As Helen adjusted to life without Anne, she had a major decision to make. Months earlier, Takeo Iwahasi, the Director of the Nippon Lighthouse Welfare Center for the Blind in Japan, had visited Helen in New York. Takeo asked Helen to travel to Japan and help him lobby for special education. Japan had over 260,000 blind and/or deaf citizens, but only 4000 of them received any kind of schooling. Before she died, Anne encouraged Helen to say yes. Helen was apprehensive about going so far away from home without Anne, but decided to honor Anne’s memory and go. Helen’s secretary Polly Thomson agreed to accompany her.
Their ship arrived in Yokohama Bay on April 15, 1937, where a large crowd had gathered to welcome them. The first few days of the trip did not calm Helen’s fears about traveling without Anne. On day 1, a pickpocket stole her address book and some money. On day 2, Helen wore a black dress to meet Emperor Hirohito at a cherry blossom festival, not knowing it was considered disrespectful.
Helen pressed on. She spent the next 10 weeks visiting 33 cities, speaking to more than 1 million people. Helen was a living example of how education could free people from their silent and dark worlds. The crowds, often a mix of disabled and able bodied, watched in amazement as Helen, Polly and Iwahashi demonstrated how Helen could communicate. Helen fingerspelled a sentence into Polly’s palm. Polly translated Helen’s words into spoken English, which Iwahashi translated into Japanese for the audience. Helen then “listened” to Polly through lip reading by putting her hands on Polly’s lips and face as Polly asked questions that Helen answered. Finally, Helen ended by speaking out loud the words “Love is power. Power is love. Let power and love build an independent and happy life for the physically handicapped. Let the light of sympathy brighten up the darkness of their lives.”
When Helen returned home in June 1937, she had made her mark on Japan. By November, the Japanese government announced plans for a new home for the blind.
The Power of the Wand
Helen visited more than 30 countries to lobby for education for the blind and deaf. She was a living example of how fully a disabled person could live when given the chance to learn and succeed.
Her Yellow Brick Road
When Anne Sullivan arrived at the Kellers’ Alabama home to meet her new student, blind and deaf 6 year old Helen, Helen was waiting on the front step. Helen was curious, started rummaging through Anne’s bag, and threw a furious tantrum when her mom stopped her. The next several days were a roller coaster. Helen knocked one of Anne’s teeth out and locked Anne in her bedroom and hid the key.
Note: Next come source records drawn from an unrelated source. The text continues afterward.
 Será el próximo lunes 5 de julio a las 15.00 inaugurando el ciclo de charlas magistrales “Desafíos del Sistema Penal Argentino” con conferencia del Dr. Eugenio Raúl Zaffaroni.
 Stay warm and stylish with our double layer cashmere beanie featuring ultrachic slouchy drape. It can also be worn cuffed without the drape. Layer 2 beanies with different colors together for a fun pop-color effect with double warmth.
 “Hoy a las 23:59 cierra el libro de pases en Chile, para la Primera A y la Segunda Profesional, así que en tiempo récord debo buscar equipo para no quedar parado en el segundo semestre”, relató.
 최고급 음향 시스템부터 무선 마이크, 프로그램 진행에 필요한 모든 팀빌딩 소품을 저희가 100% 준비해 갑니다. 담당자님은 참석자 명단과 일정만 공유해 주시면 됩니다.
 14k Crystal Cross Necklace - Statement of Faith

There were moments when Helen was willing to sit quietly or walk with Anne in the gardens. Anne used that time to teach Helen the manual alphabet by spelling letters into Helen’s hand. Helen learned the letters but she didn’t understand that they were the building block of language. Anne spelled C-A-K-E each time she gave Helen cake, Helen didn’t grasp that Anne was teaching her the word cake, and it applied to the same treat each time. When Anne gave Helen her mug and spelled M-U-G, and then spelled W-A-T-E-R as Helen drank, Helen didn’t comprehend they were words for two different things.
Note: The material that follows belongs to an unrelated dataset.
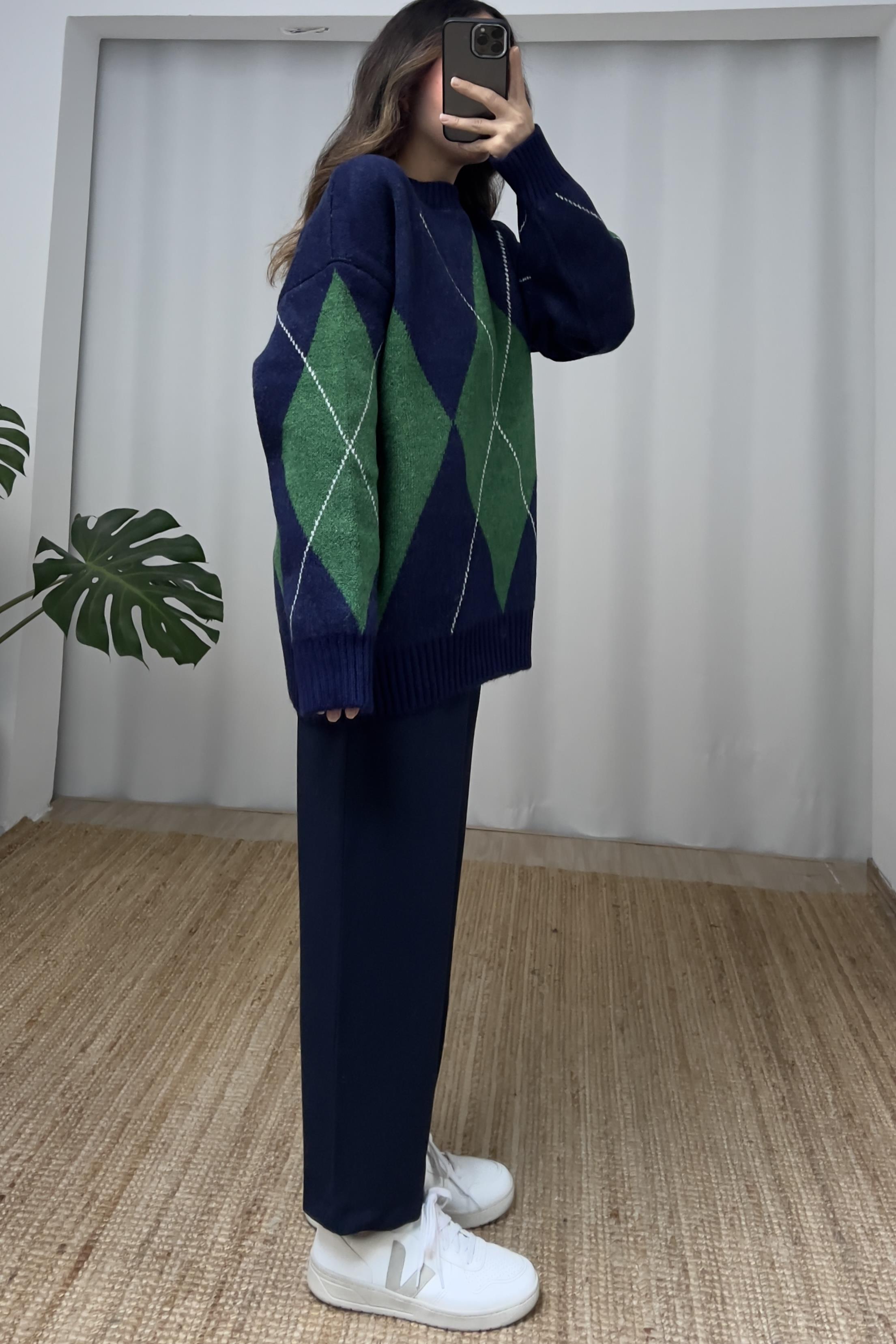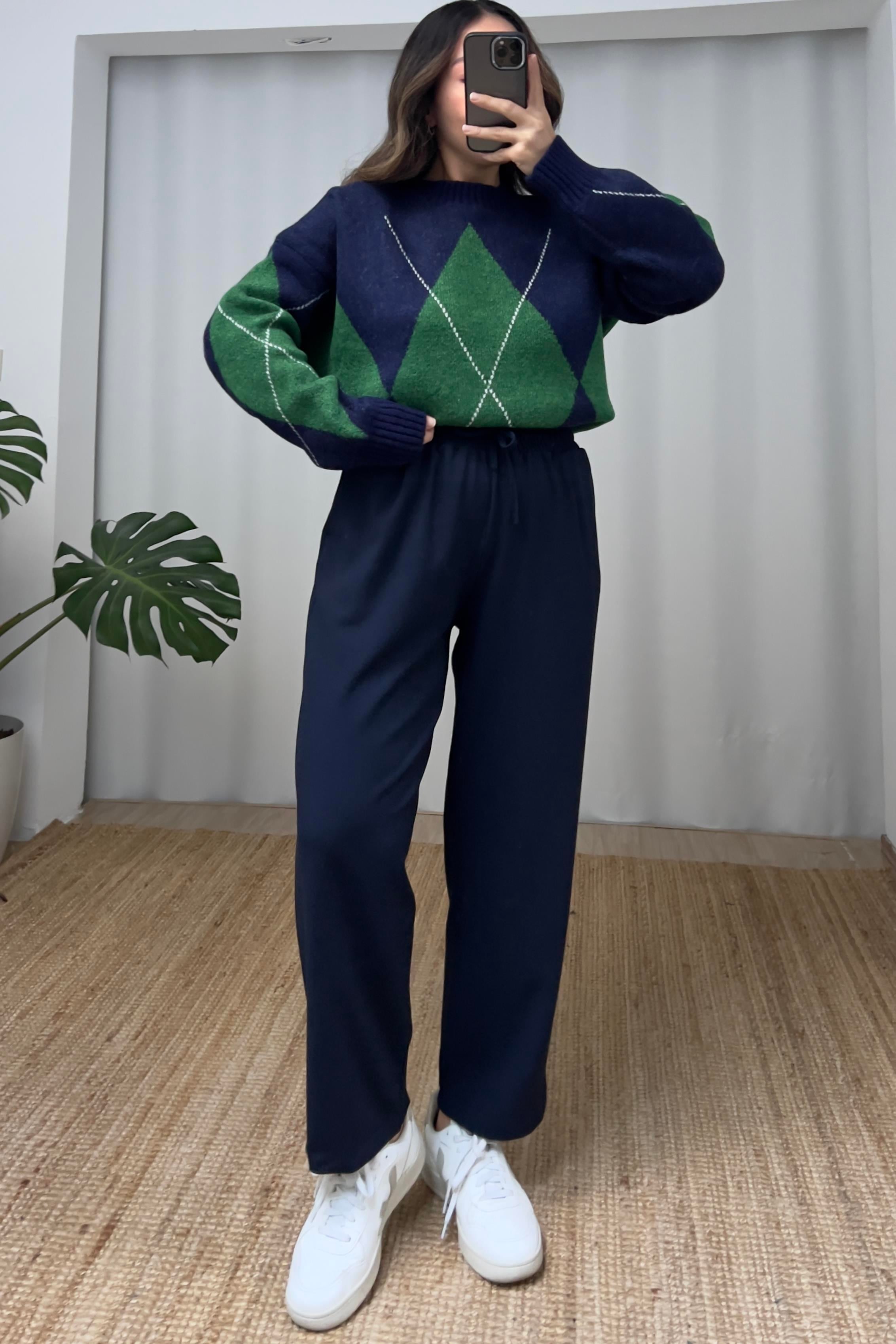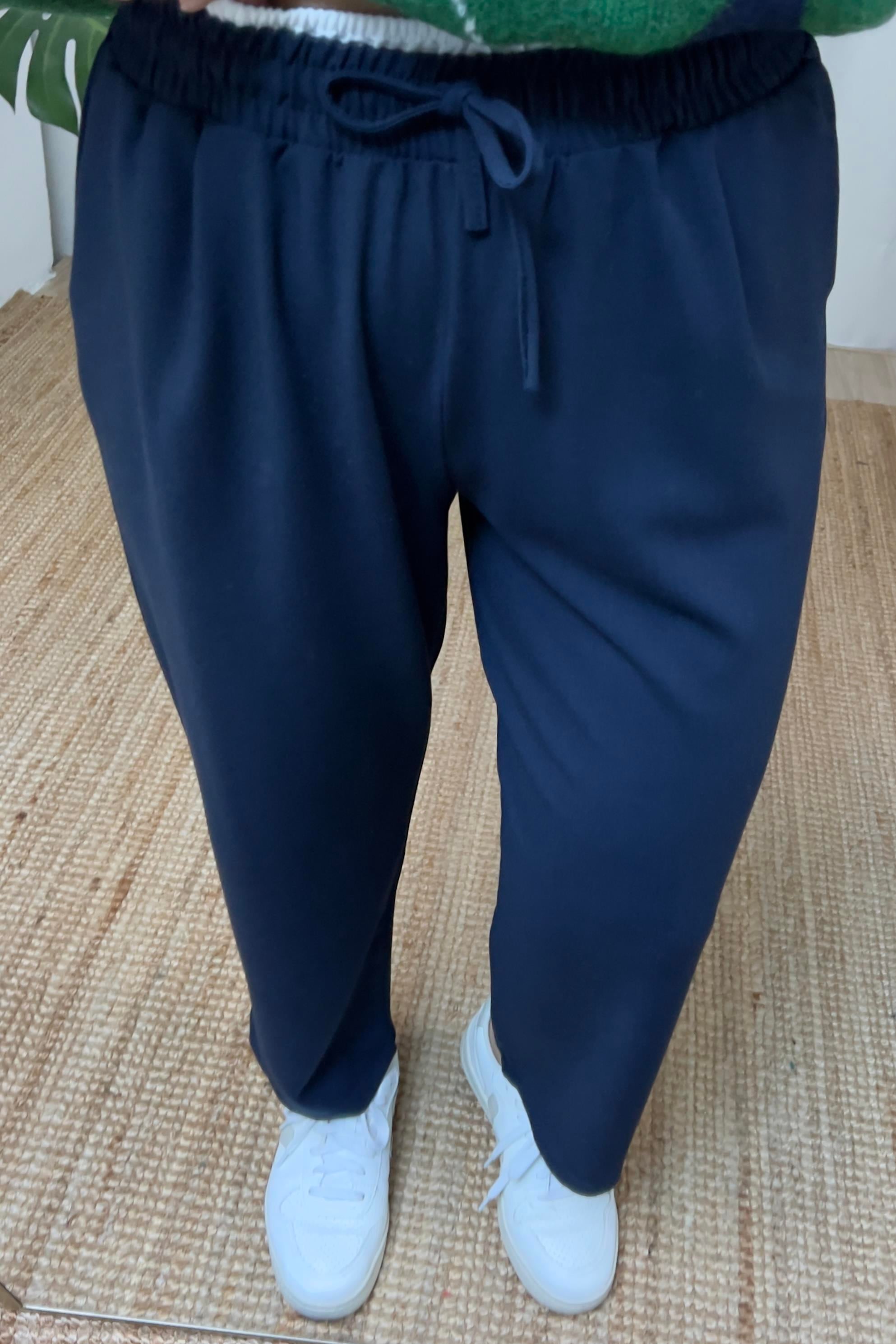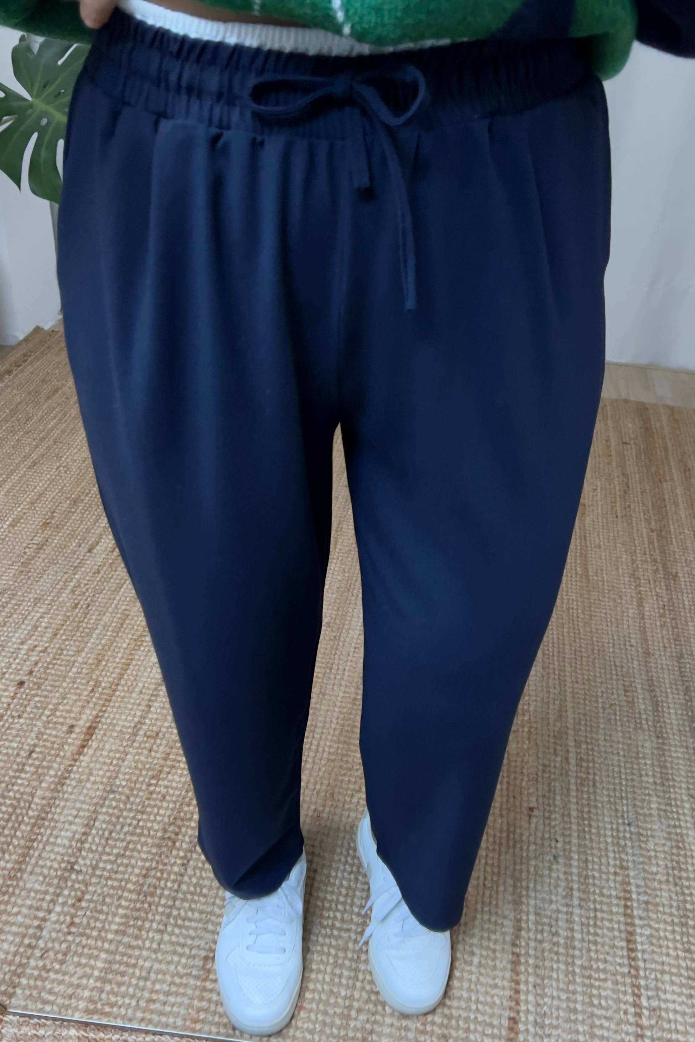Lacivert Çift Bel Detaylı Rahat Pantolon

Day after day, Anne spelled words into Helen’s hands and hoped for a breakthrough. One afternoon, she handed Helen a new doll and spelled D-O-L-L. Helen thought that D-O-L-L was the specific name for her special doll, and not a word that described every doll in the house. She knew this doll wasn’t hers, and angrily threw it onto the floor.
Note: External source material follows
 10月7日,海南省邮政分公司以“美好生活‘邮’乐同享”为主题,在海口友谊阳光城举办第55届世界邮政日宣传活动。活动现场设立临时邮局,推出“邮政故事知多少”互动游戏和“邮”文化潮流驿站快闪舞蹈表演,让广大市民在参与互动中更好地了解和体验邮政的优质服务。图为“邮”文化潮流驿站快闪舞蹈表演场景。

Anne took Helen by the hand and brought her outside to calm down. They walked to the well house to get a drink and wash their hands. Anne held one of Helen’s hands under the spout and she spelled W-A-T-E-R into her other hand over and over again. The continuous flow of the water was the catalyst Helen needed to understood what Anne was trying to tell her. This was water – just like the water in her mug – and it had a name. She lit up with the knowledge that everything had a name and spent the rest of the day learning the words for her family: father, mother, sister, teacher. For the next several months, Anne taught Helen the name of everything she touched.
Once Helen understood language, she learned to talk like hearing children do – by listening to the adults around her – with the difference that the adults spelled their conversation into her hand. More abstract concepts began to make sense. She learned the word “think” when she was having a difficult time stringing beads in a pattern. Anne touched Helen’s forehead while spelling T-H-I-N-K.
Helen soon was ready for new challenges. Anne taught her to read braille and brought her to a speech teacher to help her learn to speak. She learned the oral alphabet by holding her hand on the teacher’s tongue and lips as she said the alphabet. Helen then moved her mouth the same way and within an hour could say M, P, A, S, and T. After 11 lessons, Helen could put short sentences together that Anne and her speech teacher could understand.
As Helen reached her teens, Anne’s role shifted from teacher to interpreter and companion. They spent winters in Boston so Helen could attend the Perkins School for the Blind. Helen loved that her classmates knew the manual alphabet so could chat with her directly. They traveled to Grover Cleveland’s Inauguration, Niagara Falls, and the 1893 World’s Fair. Helen became very attuned to vibrations and smells, which made translating much easier for Anne.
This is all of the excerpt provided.